I stashed the matches between my belt and my hip and slid the lighter into a small pocket in my utility compartment.

The matches are probably more useful than the lighter, since they can be lit and then thrown. To do the same with the lighter, she’d probably need to bind the button somehow. (I suppose she could do that with spider silk, but the silk doesn’t handle heat very well. Which is one of several reasons Taylor should avoid getting into a fight with Sundancer.)

Could I even take advantage of that?  The amount of gas he seemed to be putting out would make for a devastating explosion.  It could potentially hurt him, but I couldn’t say if the shockwave or the blast itself would kill me or any nearby innocents.

You’ll also need a way to set it off from a safe distance while he’s in a gas-loaded position, or a way to trick him into doing it for you.

If there was enough gas, it could even damage or destroy nearby buildings.  Some of the structures around here weren’t exactly sound.

And yeah, true. The collateral damage could be devastating.

If nothing else, it gave me a clue about what to watch for.  It also gave me a last-ditch weapon if things really went south.

I guess that’s a fair way to look at it.

I ordered my bugs into the building I’d designated as my people’s barracks and collected some small items with silk and clouds of bugs working in unison.

Oh, what are you doing now? Looking for lighters or things you can fashion into one?

The gas.  If the gas was coming from his mouth, and he was being careful in how he moved, that meant there was something about the gas.  I even had an idea about what it was.

Hm, perhaps moving quickly in the gas might cause it to harm him somehow?

Maybe he hadn’t wanted to blow himself up.

Yeah, I was honestly still more on that train.

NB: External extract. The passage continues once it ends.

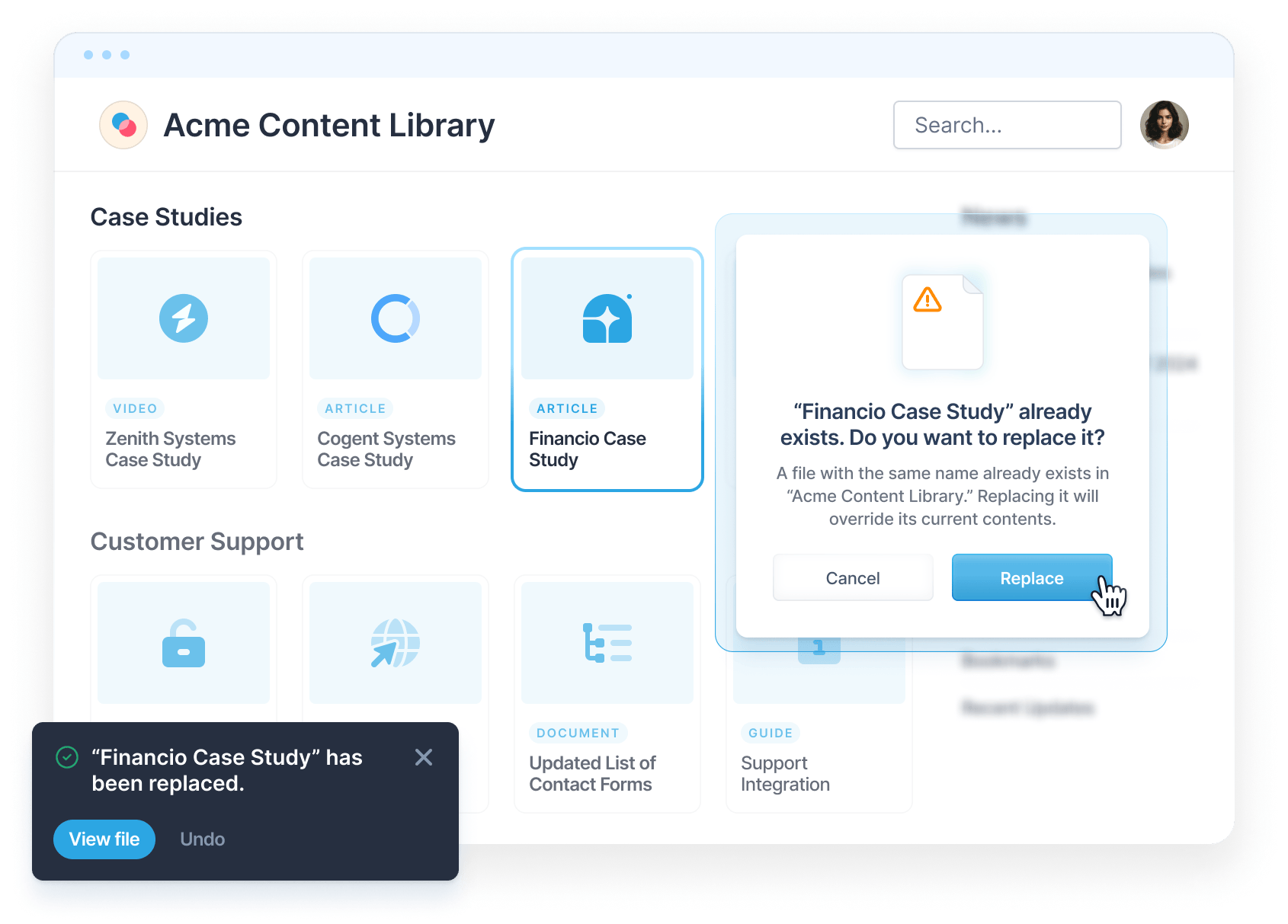 Mitigate your Revenue Team's struggle with scattered content by streamlining your library to guide customers and drive success.

He’d been invested in terraforming, once upon a time.  Making inhospitable environments hospitable.  Chances were he was loaded down with custom-made organisms that were primed to generate the gas he was using, maybe even storing it in a compressed form.

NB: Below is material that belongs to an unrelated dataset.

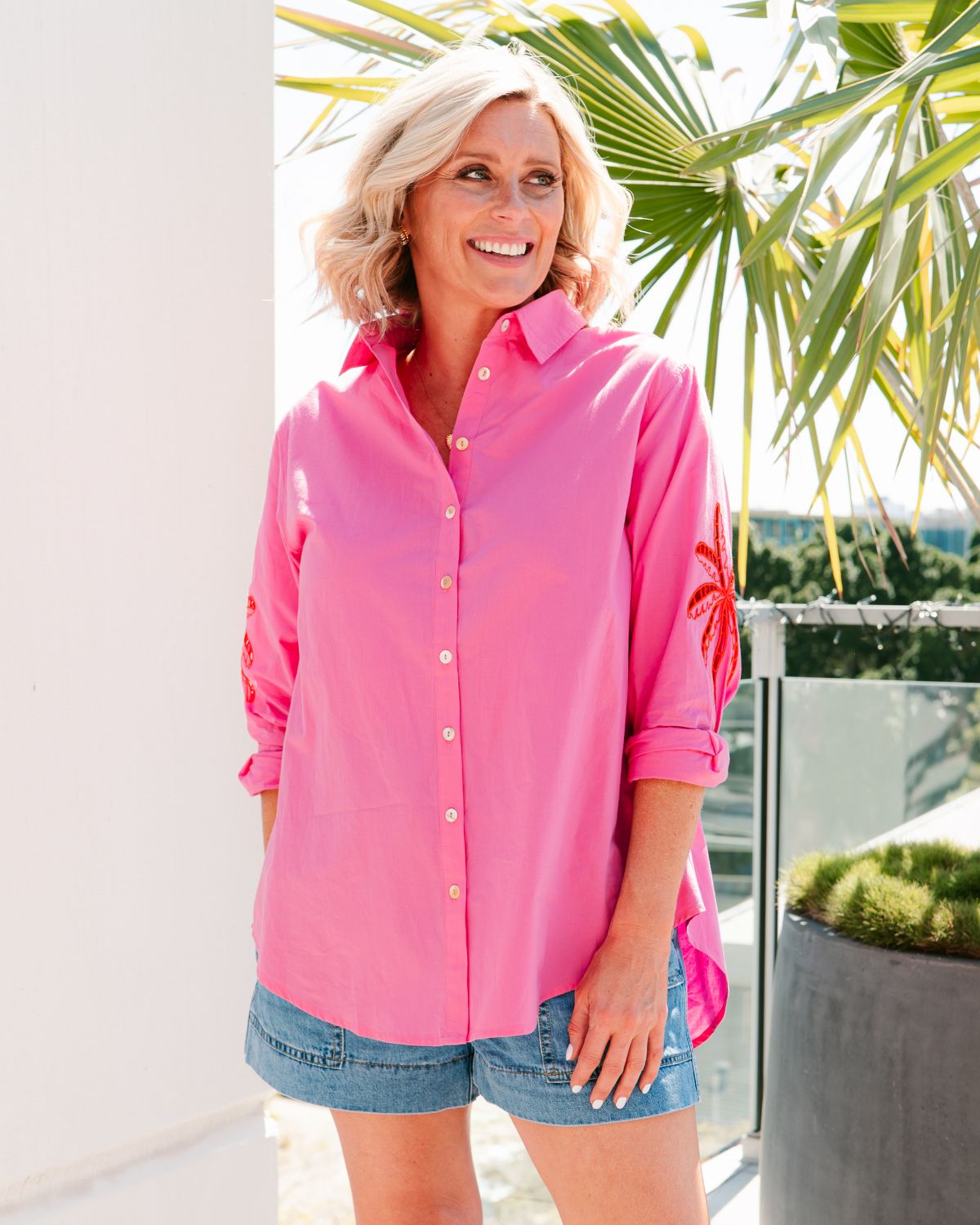 Add a splash of fun to your wardrobe with the Lover Shirt, available in cheerful green and pink. This playful top features adorable palm-shaped cut-outs on the sleeves, giving it a unique, breezy vibe perfect for sunny days or casual outings. Lightweight and easy to style, it’s your go-to shirt for adding a touch of whimsy to any outfit. Whether paired with jeans or a flowy skirt, the Lover Shirt is designed to brighten your look and boost your mood effortlessly. Embrace the playful spirit and make every day a little more colorful!

Ohh, yeah, that makes sense. Now how do you use that to stop him?

Given his tinker abilities, they could be advanced enough to account for the sheer volume of the gas.  It could even be how his guns operated: with compressed, combustible gas used to fire the shot.

Sounds legit.

There was no way to say for sure, but my gut told me I was right or I was pretty close to the mark.

Taylor is usually right when it comes with an explanation like this, though that’s more of a narrative thing than an in-universe gut feeling.

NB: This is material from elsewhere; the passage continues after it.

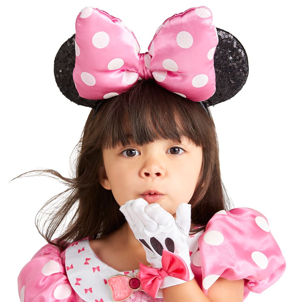 Magic in the details... Puffy pink satin bow with iridescent glitter polka dotsSoft foam mouse ears with sequined front and velour backSatin covered headbandNon-slip headband interiorCoordinates with our pink Minnie Mouse Costume, sold separately

His actions, both the obvious and minor ones, make a complete, logical sense if I assumed he was spewing out massive volumes of flammable gas.

Yay!

And yeah, it also answers one question Taylor hasn’t asked: Why does he have a mouth now in the first place?

Okay.  So Mannequin was shooting now, when he hadn’t been before.

There goes the conserving bullets hypothesis.

Were there other clues?  What had changed after he’d closed his mouth?

Less gas?

He’d started running, for one thing.

…hm. Is he running from something, too?

Or maybe he’s running because he’s out of gas and therefore less protected?

So he hadn’t been running, he hadn’t been shooting…  What had been holding him back?  It could have been him trying to look intimidating, but he could have achieved the same ends by shooting Bastard and making me watch Bitch die.

Another explanation re: not shooting might be that the gas could ignite.

He could have been just as scary running towards us as fast as he’d sprinted from the ambush site to my territory.

Probably more scary, honestly.

Why?

He could have been conserving ammunition.  What was that term for ‘the simplest answer is often the correct one’?  It didn’t matter.

Occam’s razor.

I’m not sure how well it applies here, though.

It was possible.

I moved my bugs closer to Mannequin, to test his presence for gas.  Only a few perished.

Seems like an improvement.

There wasn’t much, if any.  His mouth was closed.  He was catching up to Grue.  Grue must have noticed, because he directed Sirius up into an alley and towards a roof.

Hmm. Now he might be conserving ammunition – he probably has a limited amount of the gas.

Mannequin stopped and raised one arm, then fired.  My bugs felt the concussion of the shot, but no reaction from Grue and Sirius.

There was a pause, then another shot.  Again, no reaction.  Two misses.